Nursery planning, plus cleaning and craziness
June 29th, 2009 by Ascelyn
Welcome to 26 weeks.
I think I was 25 weeks last week, but I was too exhausted to know anything about it. I worked something like 55 hours, including my supposed day off on Friday, then went home every night to rearrange furniture and thoroughly scour the house. Not a particularly good idea, sure, but what else was I supposed to do? J’s grandparents were coming for a visit Saturday and would be seeing the house for the first time, so it could no longer remain the neglected mess that it has been since I got pregnant. (Okay, and honestly, since long before that. But if I have to deal with the sickness and tiredness and general unpleasantness of pregnancy, I think I should get to use it as an excuse once in a while.)
End result: Clean house, lasagna prepped for dinner, complete failure at a thermal profiling run at work, and pain. Lots and lots of pain from lifting heavy things and sitting and kneeling in positions my pregnant hips don’t much like. Also, utter exhaustion and the ensuing migraine.
They liked the house, which was good and appropriate since we have a pretty awesome house. They only stayed for about two hours, and instead of eating the meal I’d prepared for them, decided that they really wanted to take us out to dinner at the restaurant at their hotel. Gehauf’s isn’t bad, but it’s not great, either–just basic home-style food. I’d already make home-style food. At home. It was assembled and just needed thrown in the oven for an hour. The range of things I’m able to cook is rather small, but I tend to be fairly capable at what I do make (lasagna, soup, baked goods, etc.). Still, they didn’t want to eat it. Whatever. We met them for dinner and then went home. All that insane work for two hours, most of which was spent sitting on the couch listening to them bicker about the grandfather’s old jobs. Fun times.
I fell asleep on the couch around seven o’clock and was only revived by the idea of making chocolate peanut butter brownies. From a box, because there was no way I was going to mix and boil things on the stove before baking after all the dishes I’d done over the last day.

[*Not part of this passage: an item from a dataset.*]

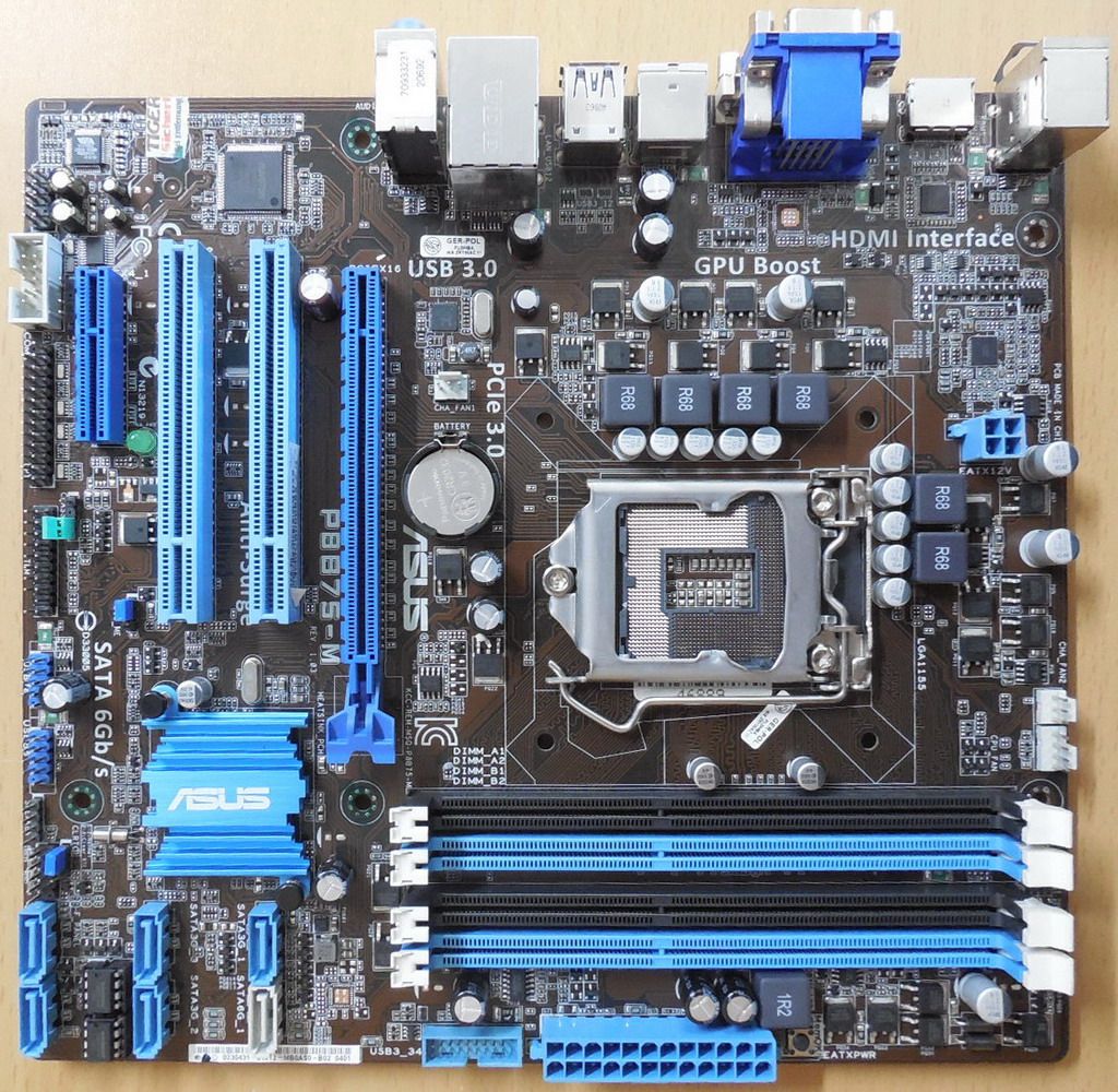 Asus P8B75-M Rev 1.03 Mainboard + Blende Intel B75 Sockel 1155 DDR3 USB3.0
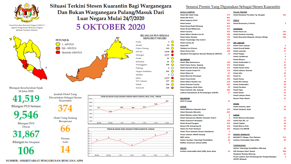 Situasi Terkini Stesen Kuarantin Bagi Warganegara Dan Bukan Warganegara Pulang/Masuk Dari Luar Negara 05/10/2020 Aiman Siaran Media 05 October 2020 Hits: 780 Rating: ( 0 Rating ) Please Rate Vote 1 Vote 2 Vote 3 Vote 4 Vote 5 Lihat / Muat Turun PDF Facebook Twitter Prev Next

Sunday was the redeeming day of the week. I nixed the idea of driving up to Monroeville to get the crib, storage set, and maternity swim suit top because it would require too much walking at IKEA, and I was refusing to put any more strain on my poor abused legs than necessary until they had a chance to heal a little. I woke up around 9:00 because I just couldn’t sleep any more, ate mac & cheese for breakfast, and went back to bed until two. The rest of the afternoon was spent buying and potting plants for the porch (which I’d meant to have done before the big grandparental visit) and taking cuttings from my herb bed for two coworkers. J’s parents came over to help us make a dent into the lasagna that evening and see the upgrades we’ve made to the house, and the visit was quite pleasant. Then I started measuring the spare room/nursery, which gets me to the non-whining point of all this.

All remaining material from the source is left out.